Lübke selbst hatte seine Karriere im »deutschen Rechtsstaat Adolf Hitlers« (NS-Funktionär Hans Frank) begonnen. Das verbreitete (Un-) Rechtsempfinden der postnazistischen westdeutschen Gesellschaft lautete, wie es Baden-Württembergs Ministerpräsident Hans Filbinger formulierte: »Was damals Recht war, kann heute nicht Unrecht sein.« Noch 1954 meinte der Bundesgerichtshof, der deutsche Staat sei in seinem »wahren inneren Kern von dem nationalsozialistischen Terror nicht berührt« worden. Dieser Ansicht waren viele westdeutsche Juristen. Sie hatten am »Recht« des NS-Staats mitgewirkt: Karl Larenz, Theodor Maunz, Ernst Forsthoff und viele mehr. Ihr »Rechtsstaat« praktizierte die Auflösung aller Menschenrechte, die Aufhebung des Rechts, nicht legal, sondern mit in höchstem Maße illegalen Methoden. Er war ein Werkzeug zur Ermordung von Millionen Menschen.

Später nannte sich die DDR »sozialistischer Rechtsstaat« – trotz des harten politischen Strafrechts, weitreichender Überwachung durch Stasispitzel, trotz eines durch eine staatsleitende Partei entmachteten Parlaments und der gravierenden Einschränkung persönlicher Freiheiten. Bis heute nennt sich die Bundesrepublik »demokratischer Rechtsstaat« – und das trotz des politischen Strafrechts und der Berufsverbote im Kalten Krieg, weitreichender Überwachung durch Datenspeicherung und Verfassungsschutzspitzel, trotz eines durch wirtschaftliche Sachzwänge entmachteten Parlaments und der gravierenden Einschränkung sozialer Grundrechte.

Versteht man den Rechtsstaat als Gesetzesstaat, ist jeder Staat ein solcher, der allgemeingültige Regeln (durch-)setzt. Der Begriff eignet sich dann kaum zur Bewertung. Denn Recht schließt nicht Unrecht und Unrecht nicht die Möglichkeit seiner Gesetzlichkeit aus. Meint Rechtsstaat hingegen einen gerechten Staat, dann gibt es ihn nicht. Jede übergeordnete Herrschaftsgewalt produziert subjektive Ungerechtigkeiten – sicher verschieden im Ausmaß und gegenüber unterschiedlichen Opfern. Recht ist nicht weniger, aber auch nicht mehr als die Anwendung gleichen Maßstabs auf ungleiche Sachverhalte. Recht ist abstrakt. Unrecht ist konkret. Recht kann helfen, Unrecht zu vermeiden. Es kann aber auch Unrecht festschreiben. Es kommt auf den Inhalt an. Gerechtigkeit ist keine (bloße) Formfrage.

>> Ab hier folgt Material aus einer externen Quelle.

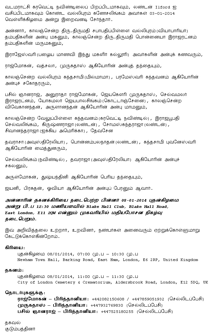 Mr. Vallipuram Ganeshalingam was a retired manager of People.s bank, native of Vadamarachy Karaveddi Navindel and a resident of Ilford (London)
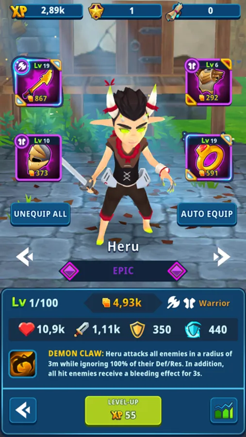 Use summoning scrolls to unlock rare heroes through the summoning portal and gather experience points to upgrade their levels. Try to unlock the legendary heroes of Idle Dungeon Manager to unleash your full potential. Collect different classes like warrior, archers, mages, and many more.
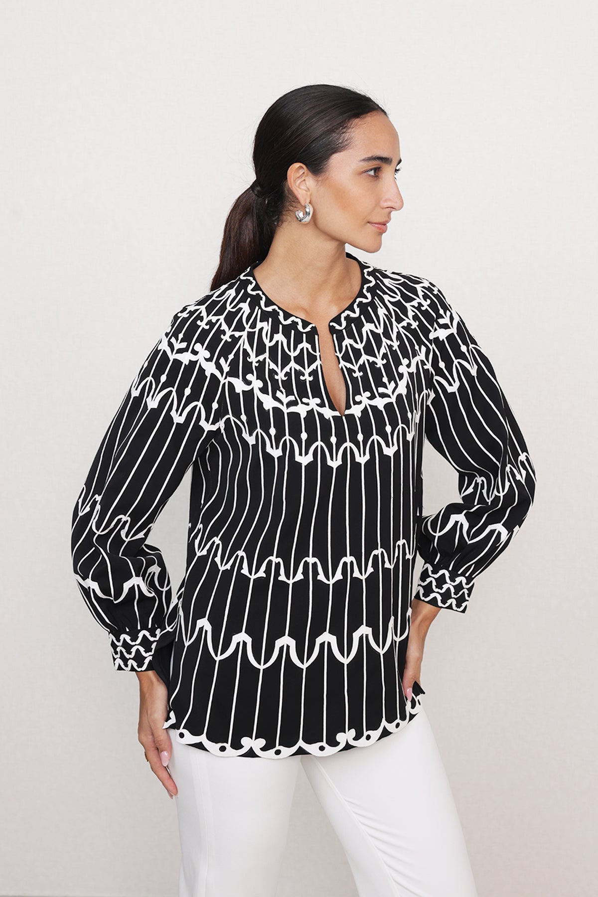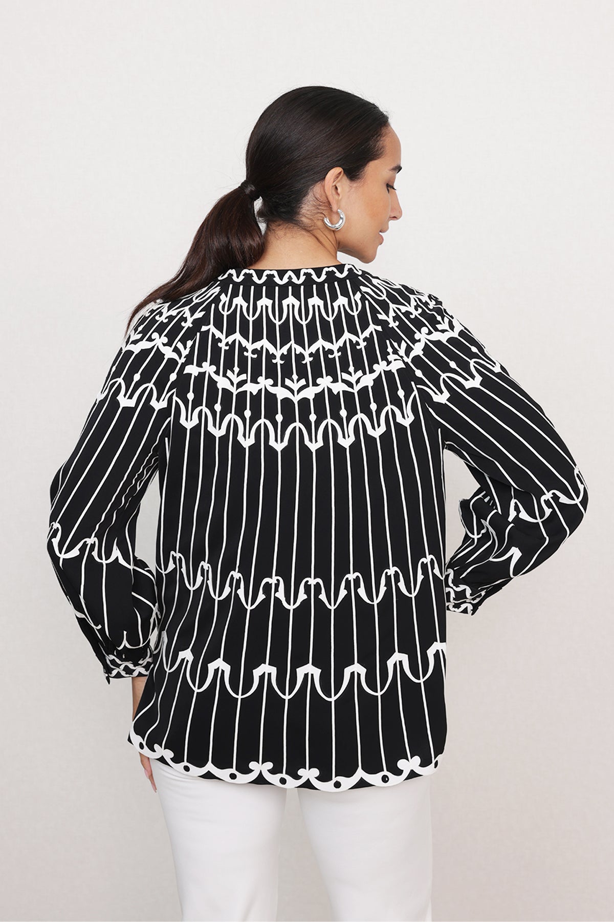 Introducing Ranna Gill's Lucas Blouse that brings a fresh edge to everyday dressing. Made in royal georgette, this black blouse features an all-over linear print with scalloped borders and a soft gathered neckline with a front slit. Full sleeves with printed cuffs add structure while keeping the look fluid.
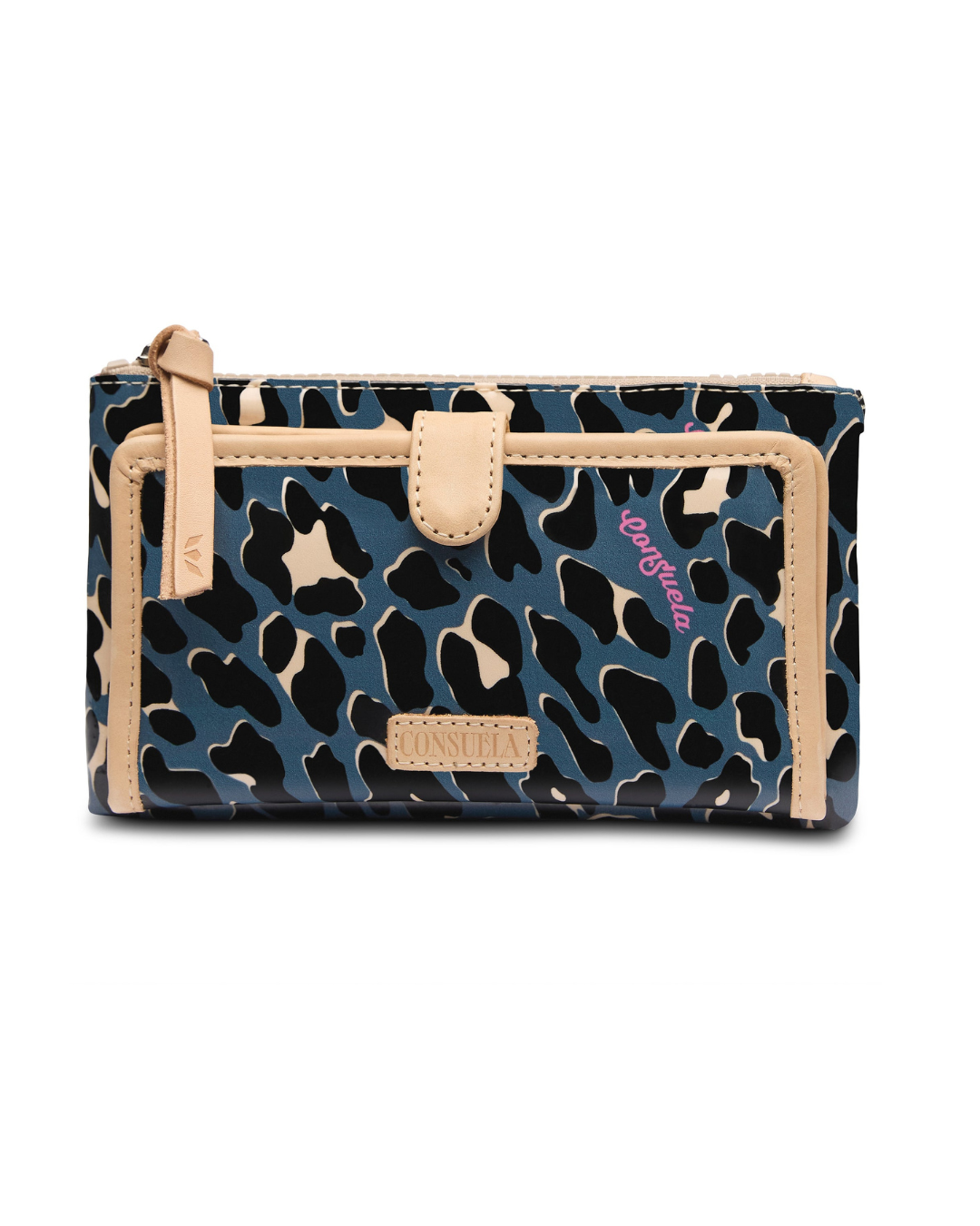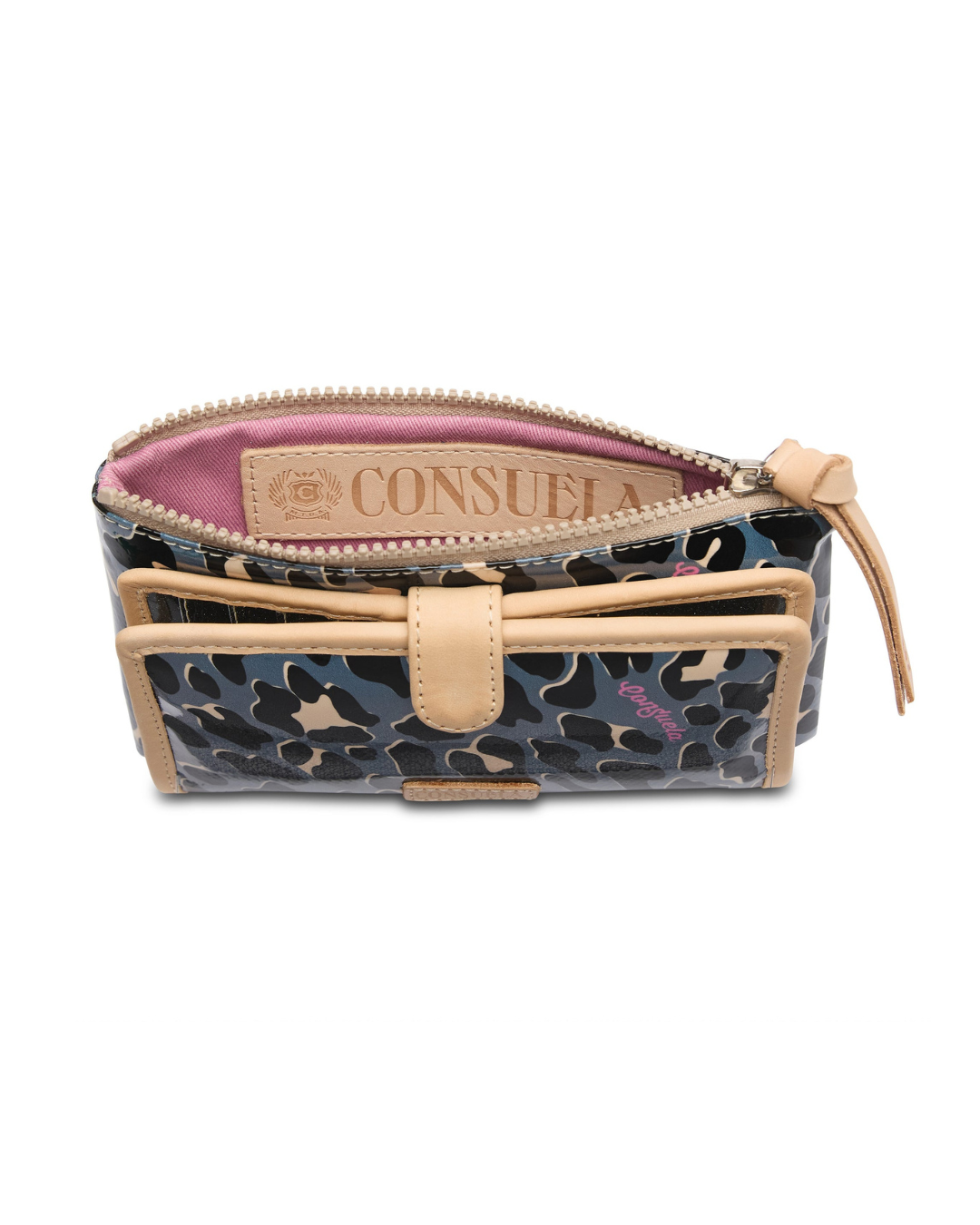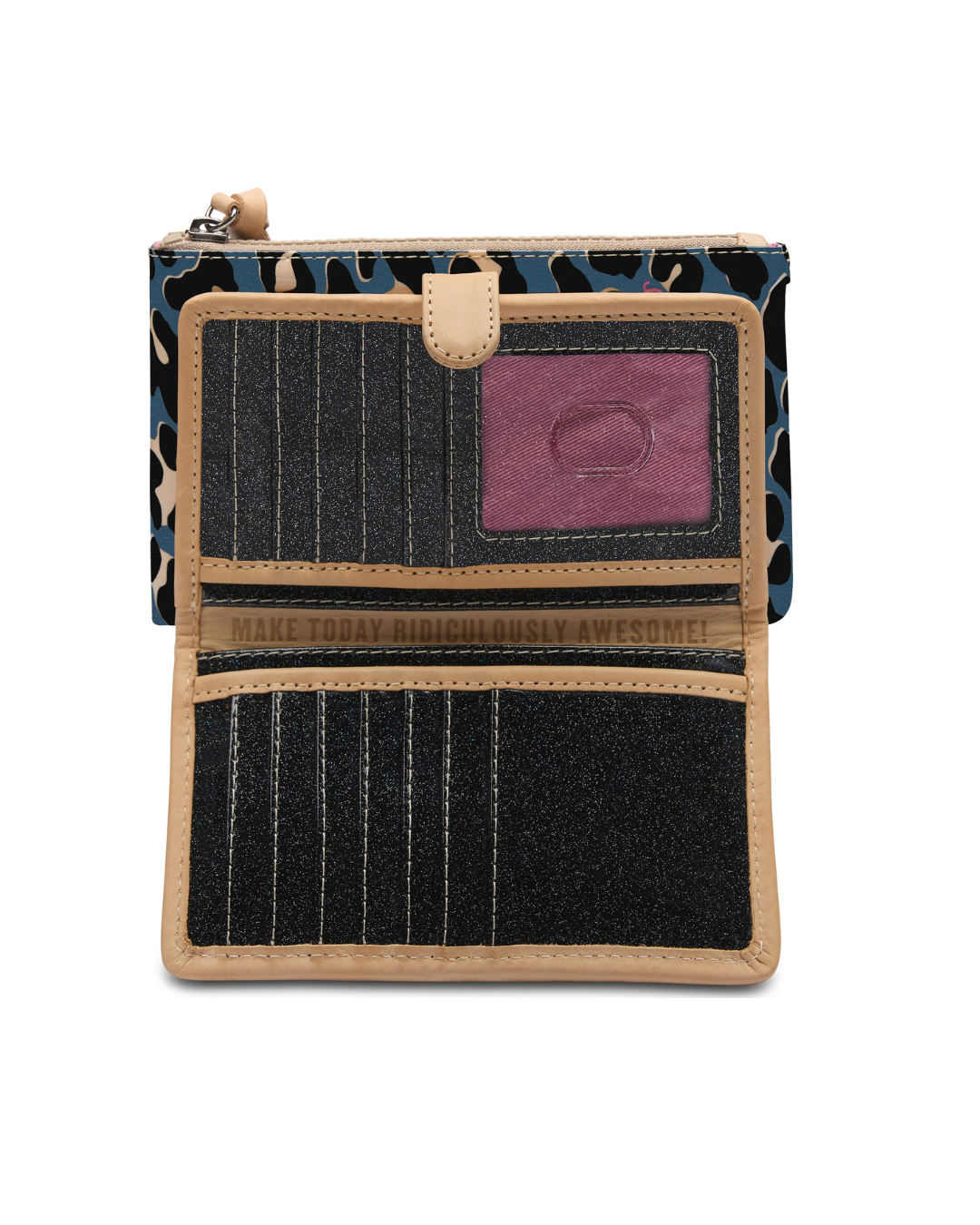Our Slim Wallet carries cards and cash without weighing you down. Open the snap closure to reveal an ID window pocket, 12 card slots, and 4 slide pocket compartments in this versatile and colorful wallet.
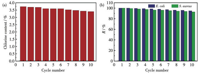 The potential recycling of antibacterial activity is an important feature of chloramine, whose antibacterial activity can be recovered by simple chlorination. Fig. 5a gives the chlorine content of the as-recovered AgCl@SiO2/CTS-Cl during 10 cycles of chlorination. The active chlorine content of the AgCl@SiO2/CTS-Cl remained high at approximately 3.48% (retaining 93% of the initial chlorine content) even after 10 cycles of antibacterial testing and regeneration (Fig. 5a), which indicates that it has an excellent regenerability. Fig. 5b shows the bacterial reduction rate of the regenerated AgCl@SiO2/CTS-Cl. The antibacterial capability of the regenerated AgCl@SiO2/CTS-Cl was proportional to its Cl content and remained stable even after 10 cycles of antimicrobial tests. In particular, the bacterial reduction rate after 10 cycles of antibacterial treatment for both stains remained as high as 98%.
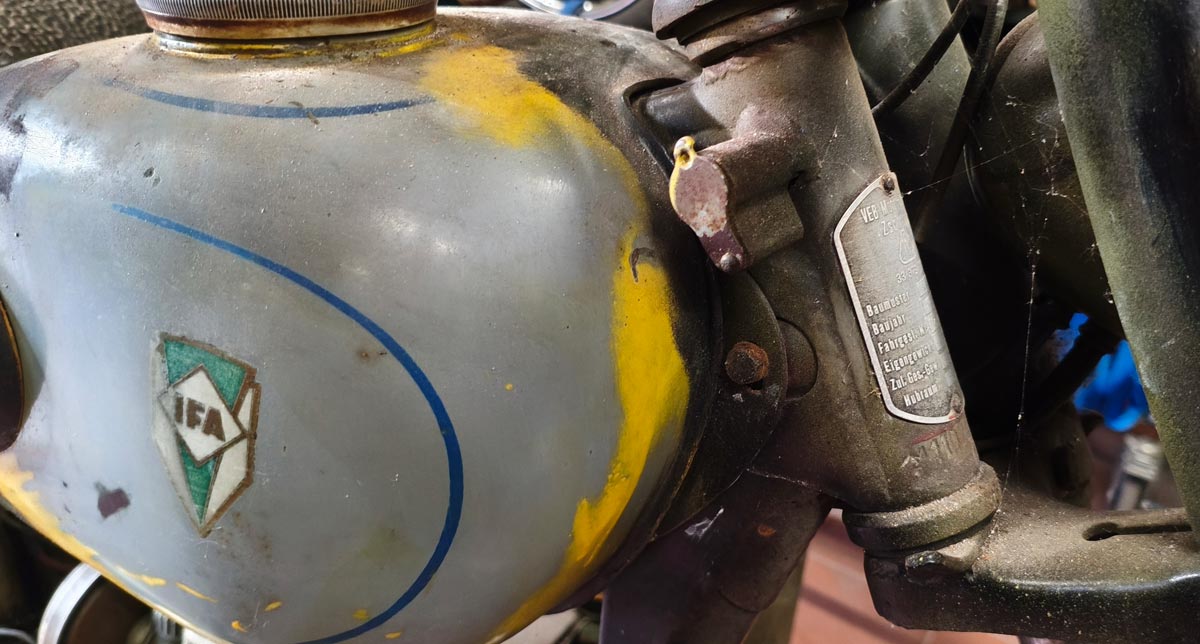 Es handelt sich um eine IFA RT 125/1 von 1955. Das letzte Modell, das noch offiziell das “RT” im Namen trug. Die /1 erschien 1954 und war deutlich weiterentwickelt: Neuer Vergaser, neuer Zylinder, Leistungssteigerung auf 5,5 PS, Kettenschläuche und Kettenkasten, etc. Insgesamt wurden sehr viele Mängel der Nullversion behoben.
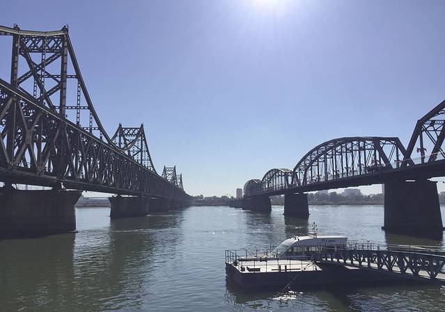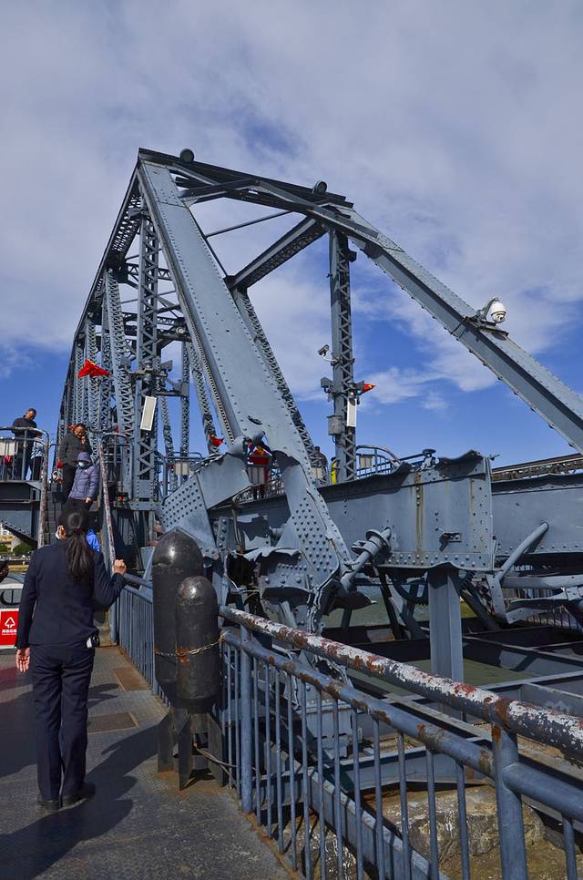 上桥慢慢向断头走去,当年炸断的痕迹明显。鸭绿江断桥该桥原为12孔可开闭式铁路桥,总长944.2米,宽11米,从中方数第四孔为开闭梁,以四号墩为轴,可旋转90°,便于过往船只航行。中间的桥敦上可清楚看到那些供桥身旋转的齿轮,好像这种设计断桥是唯一。
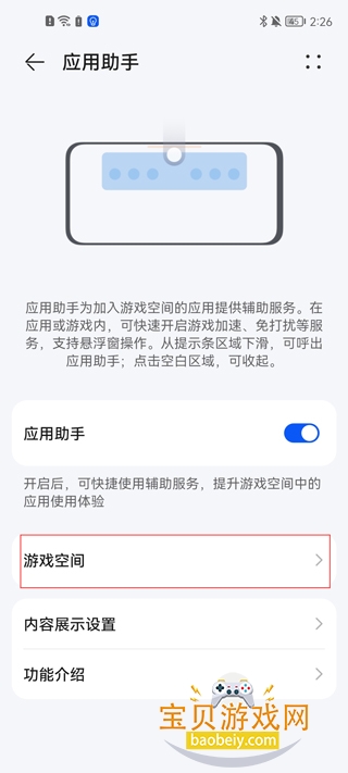 3、切换至新页面后,选择游戏空间这一选项;
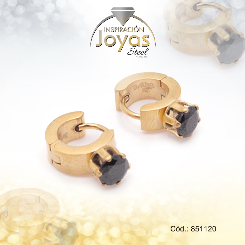 Argolla de Acero Huggies con Circón Dorado Círculo Negro – 851120
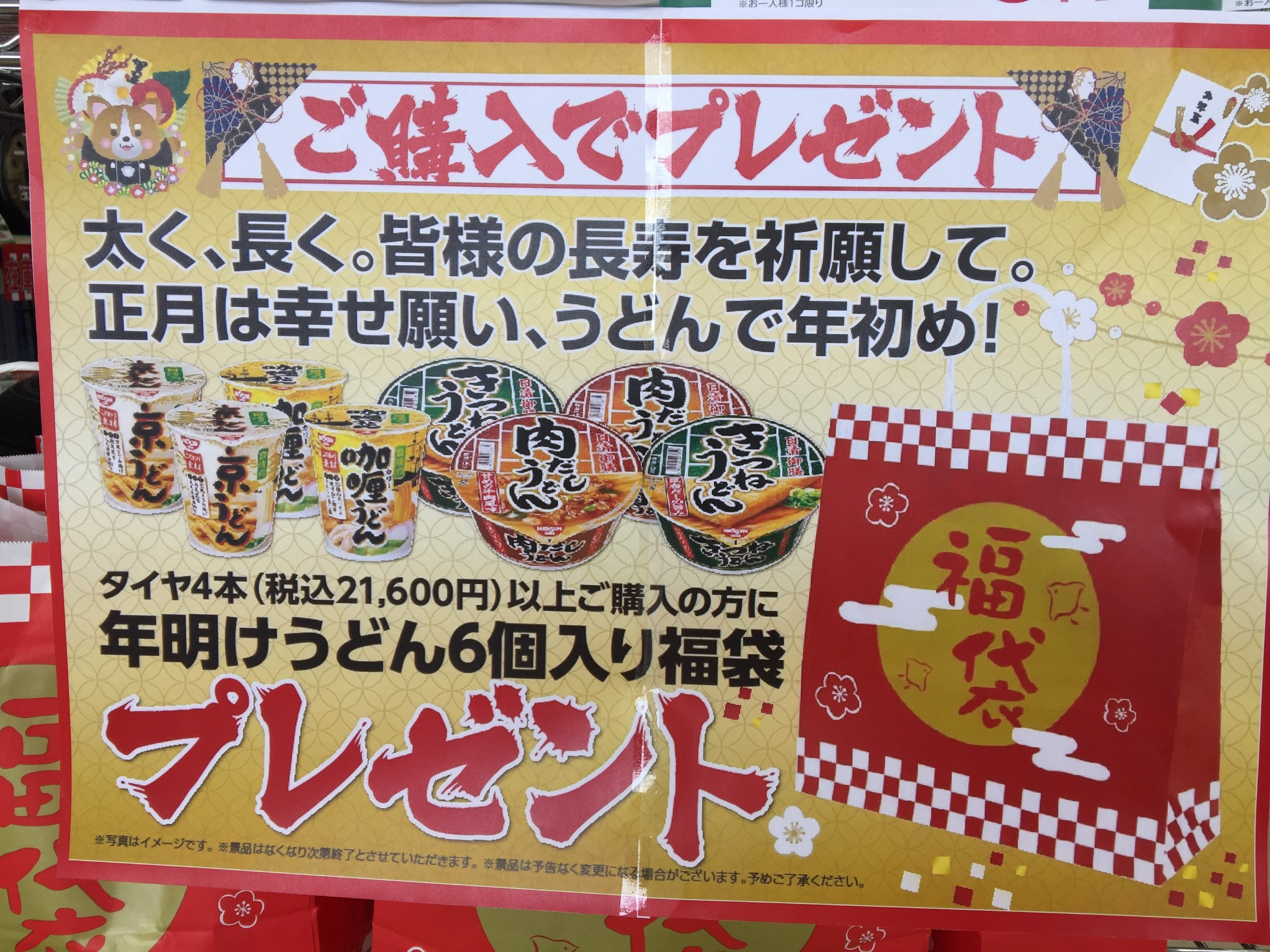 そして、タイヤ4本ご購入の方に「年明けうどん6個入り福袋」をプレゼントしております。
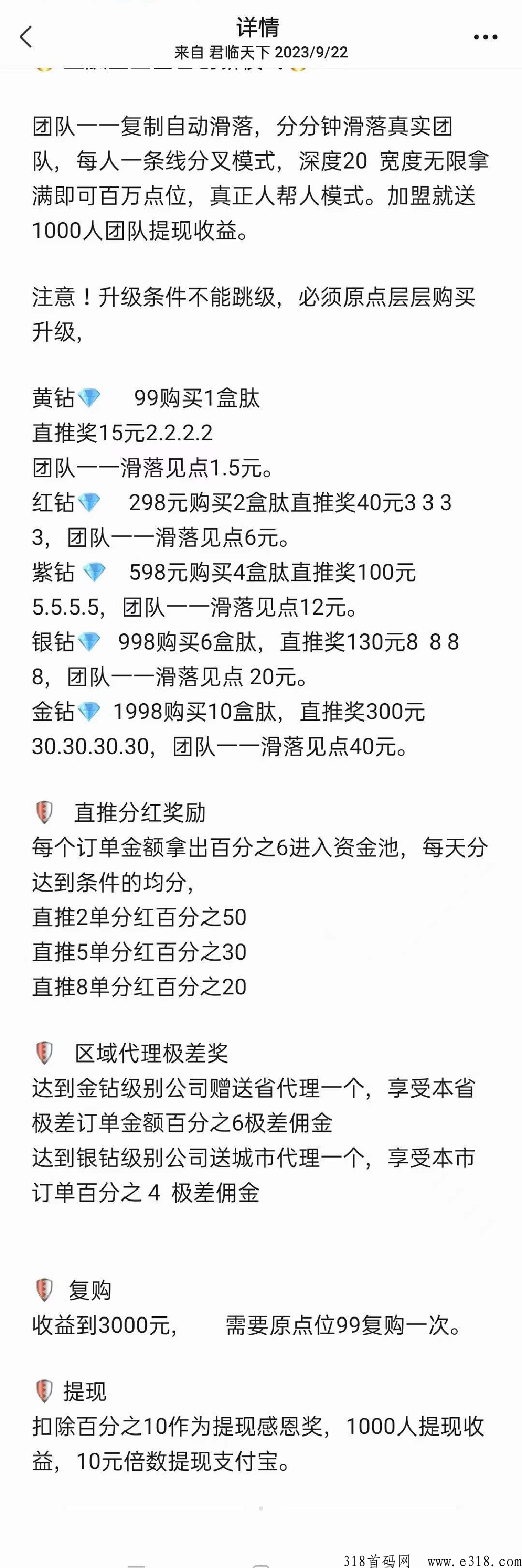 | 免责声明:合作之前建议签订合同,318首码网作为信息共享平台无法对信息的真实性及准确性做出判断,不承担任何财产损失和法律责任,若您不同意该提示,请关闭网页且不要在本站拓展任何合作,否则造成的任何损失由您个人承担。 | |

Der »Unrechtsstaat« liegt immer im Auge des Betrachters. So sagt der Begriff wenig über einen Staat, aber viel über seinen Verwender. Es geht darum, »die politische Ordnung eines Staates, der als Unrechtsstaat gebrandmarkt wird, von einem rechtsstaatlich strukturierten System abzugrenzen und moralisch zu diskreditieren«, wie es der Wissenschaftliche Dienst des Bundestags bemerkenswert formuliert hat.

Lübke machte aus seiner Gesinnung keinen Hehl. Es ist die, die Thomas Mann im Auge hatte, als er »in dem Schrecken der bürgerlichen Welt vor dem Wort Kommunismus, diesem Schrecken, von dem der Faschismus so lange gelebt hat, etwas Abergläubisches und Kindisches […], die Grundtorheit unserer Epoche«, erblickte. Wie die Diskussion um den (Un-)Rechtsstaat, so hat auch diese Gesinnung bis heute Tradition.